Trabajaba entonces en un ayuntamiento pequeño, pero vivía en la capital. Como el domingo siguiente se iban a celebrar elecciones generales, yo me quedaría ese jueves en la ciudad para mantener algunas reuniones de las de último minuto en Delegación y Subdelegación y, además, pensaba aprovechar para darle una vuelta a algunas subvenciones atrancadas. Normalidad, con cierta inquietud, normal también, previa a unas generales.

Con el segundo café de pie veía sin interés las noticias de la mañana, a punto de salir. Todo cambió. Primeras aproximaciones dubitativas de una explosión. Corte de publicidad fugaz, para ordenarse algo, supongo, y caras de espanto en los presentadores a la vuelta. La información inicial empeoró: en cuatro minutos se habían producido más explosiones, casi simultáneas, en diversos trenes de cercanías entrando en estaciones de Madrid. No era un accidente, era un atentado. Cogí las llaves del coche porque ya no me quedaba en la ciudad. No sé si pensé en ese momento que el atentado alteraría la agenda de trabajo electoral o fue automática la decisión, pero el hecho es que mandé algunos SMS disculpándome en las reuniones que tenía previstas y me marché al ayuntamiento.
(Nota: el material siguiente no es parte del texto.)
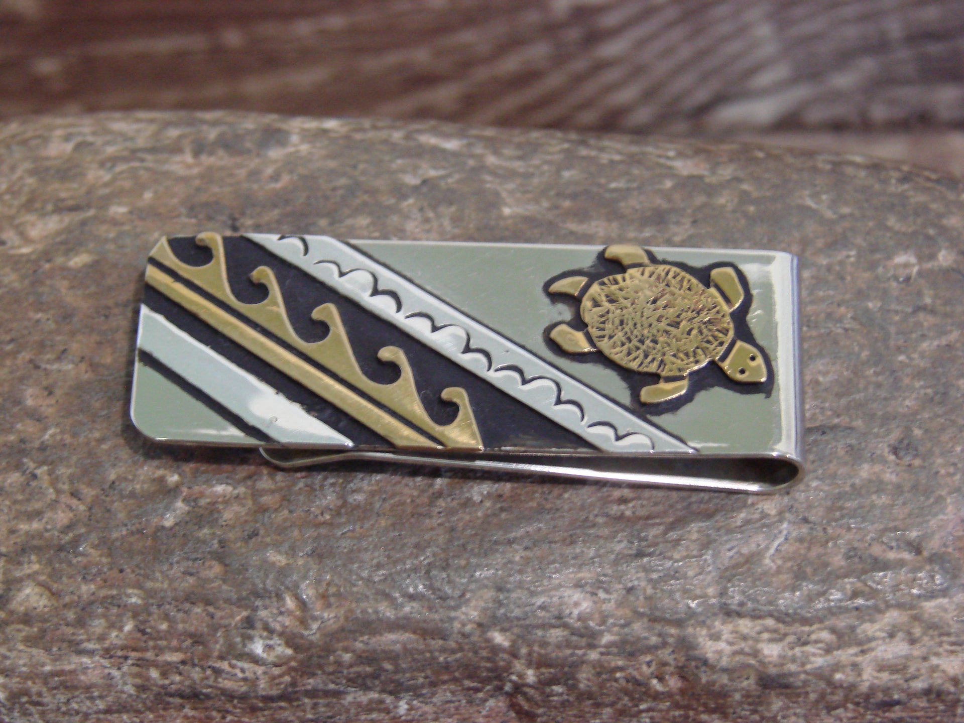 Native American Sterling Silver & 12 kt Turtle Gold Fill Money Clip by Singer

El trayecto, de una hora más o menos, fue con la radio. Yo escuchaba la SER. Gabilondo. Nadie hizo entonces una asociación distinta a la que yo hacía. Atentado en España significaba ETA. Sabía que estábamos en una guerra, a la que me oponía como casi todos, y que estábamos amenazados por Bin Laden, pero, si se me pasó por la cabeza un segundo que fueran ellos, lo descarté. El ministro del Interior señaló a ETA, el presidente también. Era una confirmación evidente. No dudé. Les creí. Era ETA. Pero no fue ETA.

Cuando Otegi se desmarcó de los atentados, pensé que era raro. No dijo “mirad lo que ha hecho ETA, yo no estoy de acuerdo”; dijo “no ha sido ETA”. Empezó un runrún que no se correspondía del todo con la intensidad de las afirmaciones del gobierno. Fuentes policiales solventes apuntaban al yihadismo. En las horas siguientes, y el viernes y el sábado, se convirtió en atronador. La noche del jueves yo ya no creía al gobierno. Nunca entendí por qué se atrincheró con ETA. Comprendo el cálculo electoral que hicieron, pero no el error de hacerlo.

Aznar no seguiría. Rajoy era el candidato del PP y no me llegaba. Zapatero era nuevo y fresco, pero no sabía si lo conseguiría. Mi voto estaba claro antes del 11M y sería para el PSOE. Tras los atentados, por la mentira, deseé que muchos más lo hicieran. Los atentados no alteraron el voto, pero sí la voluntad de votar. La participación sumó esos días más de dos millones entre los posibles abstencionistas y, de ellos, dos de cada tres votaron contra aquel PP por mentir. Nadie sumó a 192 muertos ni a todos los 1.857 heridos.

Aprendí (Alfredo Pérez Rubalcaba, ¡cuánto te echo de menos!) que los españoles merecen un gobierno que no les mienta. Lo sigo creyendo hoy. Y lamento que retumbe tanto.